Knowledge of American Indian history is integral to understanding U.S. history, according to Dr. Alyssa Mt. Pleasant, an assistant professor of American studies and history at Yale University.
Mt. Pleasant is a member of the Tuscarora tribe, part of the Haudenosaunee Confederacy in New York. She taught courses at Yale as a fellow in 2005 and was hired as an assistant professor in the American studies department in July 2006. She is the first person to teach courses expressly designated as American Indian history at Yale.
“I don’t think we can understand how we got to where we are as a nation without an understanding of American Indian history,” she says.
Mt. Pleasant’s doctoral dissertation examined the social, political and religious dynamics of the Seneca tribe’s Buffalo Creek Reservation in New York state. Her current research focuses on the ways in which tribes negotiated the European colonial occupation of their lands.
In addition to being the recipient of numerous fellowships, Mt. Pleasant is a two-time recipient of the Dean David L. Call Achievement Award from Cornell. Her essay, “‘We Have Taken it Coolly into Consideration:’ Debating Missionary Presence at Buffalo Creek,” will be published by Penn State Press in a collection of essays about early, modern Native-missionary relations.
According to Mt. Pleasant, academic interest in American Indian history has grown in recent years.
“Since the 1990s, the discipline has really started to take off,” she says. “As senior Native American historians continue to teach younger scholars, we are seeing an organic growth in Native American studies and history.”
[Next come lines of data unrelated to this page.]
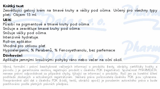 Zesvětlující gelový krém na tmavé kruhy a váčky pod očima. Určený pro všechny typy pleti. Objem 15 ml.Použití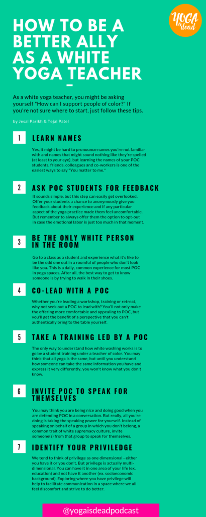 If you’re looking for an immersive spiritual experience, this ain’t it. CorePower is a big-box franchise with studios in 24 states. They have 28 studios in Colorado alone! There’s a new podcast called Yoga is Dead. Yoga is Dead is a revolutionary podcast that explores power, privilege, fair pay, harassment, race, cultural appropriation and capitalism in the yoga and wellness worlds from Indian-American hosts Tejal + Jesal. Their first episode is titled White Women Killed Yoga. I can’t help but think this studio is exactly what they are referencing. I’m attaching some of their tips on allyship here (cause y’all need it).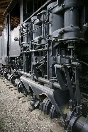 On some locomotives the valve gear is located outside the frames, e.g. Italian State Railways Class 640.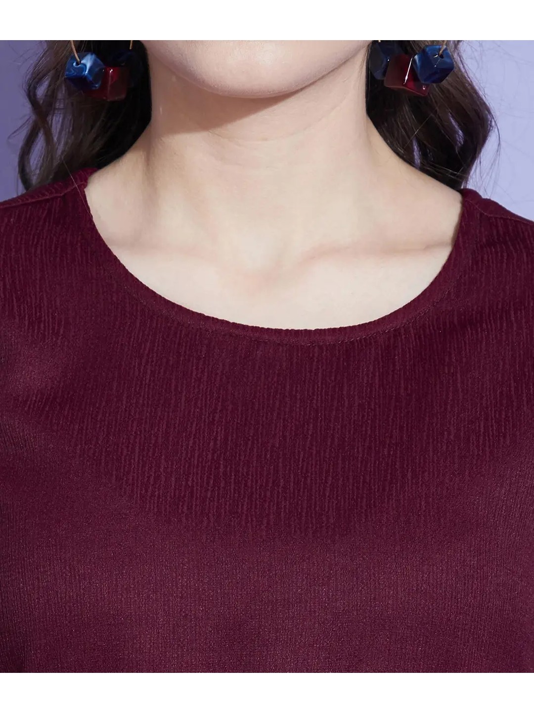 Product Name: Selvia Burgundy Ruffle Peplum Top for Women

Adding credence to her argument is the fact that elite institutions like Yale are hiring more Native academics. Earlier this summer, Yale announced the hiring of Navajo tribe member Shelley Lowe, who will be the first assistant dean for Native American affairs. Mt. Pleasant says she’s pleased that Yale is recognizing the significant growth of American Indian history programs.
Until very recently, she says, a standard college-level U.S. history textbook would typically explain America’s expansion into the West without detailing the fact that this expansion was a claim to territory held by American Indians. Lands and places that the United States claims and owns, she notes, are situated within American Indian homelands.
Mt. Pleasant says she thinks that U.S. citizens would have a better understanding of present-day land claims issues if they understood the process by which colonial powers and the United States came to exercise jurisdiction over those areas.
“Our school system has done a disservice to American citizens by not sharing more information about American Indian history,” she says. “My challenge is to offer them a basic understanding of the contours of that history.”
She says she emphasizes the concept of place in her teaching, pointing out that Native people’s identity is rooted in their connection to a place. She includes the history of tribes from the Northeast region, where Yale is located, to give students an appreciation for tribes both locally and regionally. Ultimately, she says she wants her students to see how their own nationhood is rooted in place.